Seguía apuntarle a la técnica, al orden, a tener el balón perdiendo continuidad en la alegría y dominio que mostró desde el inicio.

Defender el gol, materia en desarrollo con actitud y hombría, Nacional muestra sus facetas a como las circunstancias se lo exijan, compite y muestra su entrega.

En la complementaria, Nacional entró a aguantar, la avalancha local se hizo efectiva, importante no defender muy cerca del arco de Armani, que volvió y es recurrente a ser figura.

Dos párvulos, Aguilar y Cuesta se defendieron con todas las armas, mostrando capacidad y entrega y firmaron su compromiso con el futuro no siendo inferiores al reto.

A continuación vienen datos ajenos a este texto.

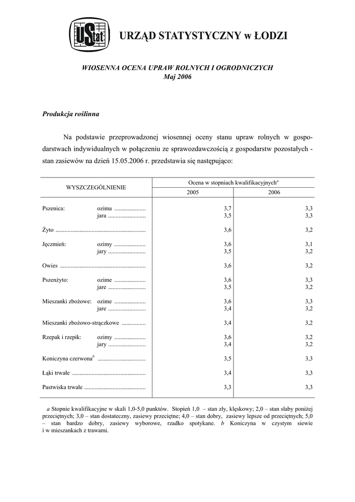 WIOSENNA OCENA UPRAW ROLNYCH I OGRODNICZYCH Maj 2006 Produkcja roślinna Na podstawie przeprowadzonej wiosennej oceny stanu upraw rolnych w gospodarstwach indywidualnych w połączeniu ze sprawozdawczością z gospodarstw pozostałych stan zasiewów na dzień 15.05.2006 r. przedstawia się następująco: WYSZCZEGÓLNIENIE Pszenica: Ocena w stopniach kwalifikacyjnycha 2005 2006 ozima ..................... jara ......................... 3,7 3,5 3,3 3,3 Żyto ............................................................ 3,6 3,2 Jęczmień: ozimy ..................... jary ......................... 3,6 3,5 3,1 3,2 Owies ......................................................... 3,6 3,2 Pszenżyto: ozime ..................... jare ......................... 3,6 3,5 3,3 3,2 Mieszanki zbożowe: ozime ..................... jare ......................... 3,6 3,4 3,3 3,2 Mieszanki zbożowo-strączkowe ................ 3,4 3,2 Rzepak i rzepik: ozimy ..................... jary ......................... 3,6 3,4 3,2 3,2 Koniczyna czerwonab ................................ 3,5 3,3 Łąki trwałe ................................................. 3,4 3,3 Pastwiska trwałe ......................................... 3,3 3,3 a Stopnie kwalifikacyjne w skali 1,0-5,0 punktów. Stopień 1,0 – stan zły, klęskowy; 2,0 – stan słaby poniżej przeciętnych; 3,0 – stan dostateczny, zasiewy przeciętne; 4,0 – stan dobry, zasiewy lepsze od przeciętnych; 5,0 – stan bardzo dobry, zasiewy wyborowe, rzadko spotykane. b Koniczyna w czystym siewie i w mieszankach z trawami. 2 Wiosenna ocena stanu upraw wykazała, że stan zasiewów zbóż i rzepaku w połowie maja był gorszy niż w analogicznym okresie ubiegłego roku. W 2006 r. wystąpiły straty w powierzchni zasianych ozimin głównie z powodu wystąpienia pleśni śniegowej, wyprzenia oraz częściowego wymarznięcia i podtopienia plantacji. Powierzchnia zaorana i kwalifikująca się do zaorania zbóż ozimych wyniosła ok. 4,6 tys. ha (1,3% powierzchni zasianej), w tym w zasiewach żyta - ok. 2 tys. ha (1,1%) oraz pszenżyta - ok. 1,4 tys. ha (1,5%). Straty wynikające z tych samych przyczyn, lecz o mniejszych rozmiarach, nie kwalifikujących plantacji do zaorania wystąpiły także w pozostałych gatunkach zbóż ozimych oraz rzepaku. W związku z późną wiosną słabsze było zaawansowanie wegetacji od analogicznego okresu ubiegłorocznego. Stan zasiewów zbóż podstawowych z mieszankami zbożowymi oceniony został na 3,2 stopnia kwalifikacyjnego, tj. niżej o 0,3 stopnia od oceny ubiegłorocznej. Plantacje rzepaku (ozimego i jarego) ocenione zostały na 3,2 stopnia kwalifikacyjnego, tj. niżej o 0,4 stopnia. Stan roślinności z łąk i pastwisk trwałych oceniony został na 3,3 stopnia kwalifikacyjnego. Ocena stanu łąk była niższa o 0,1 stopnia, natomiast pastwisk zbliżona do ubiegłorocznego. Zimowe warunki pogodowe dla przezimowania drzew i krzewów owocowych były także niesprzyjające. Niskie temperatury w styczniu, z mrozami do –350C, spowodowały największe uszkodzenia pędów i pąków w brzoskwiniach, morelach i malinach. Straty te w znacznym stopniu obniżą poziom plonowania tych gatunków. W pozostałych gatunkach (jabłonie, śliwy, wiśnie, czereśnie) w mniejszym zakresie wystąpiły lokalne przemarznięcia pąków. Tegoroczne siewy warzyw rozpoczęły się z opóźnieniem sięgającym około 3 tygodni w stosunku do optymalnych terminów agrotechnicznych. Opóźniona wegetacja nie będzie jednak miała większego wpływu na plony warzyw i owoców w 2006 r. ze względu na sprzyjający układ warunków agroklimatycznych w miesiącu maju.

Complacencia.

Los minutos pasaban el ataque local era insistente, pero Nacional aprovechaba contragolpes con opción de aumentar la ventaja, Borja las tuvo y las desperdició en ambas etapas. En un descuido defensivo Coritiba logró lo que buscaba, el gol del empate ya muy cerca del final.

Ante el infortunio tempranero, la igualdad al final es un buen resultado, el hecho es ratificarlo en Medellin para acceder a las semifinales, Nacional sigue enamorando e independiente a los imponderables acomoda su planteamiento a las circunstancias.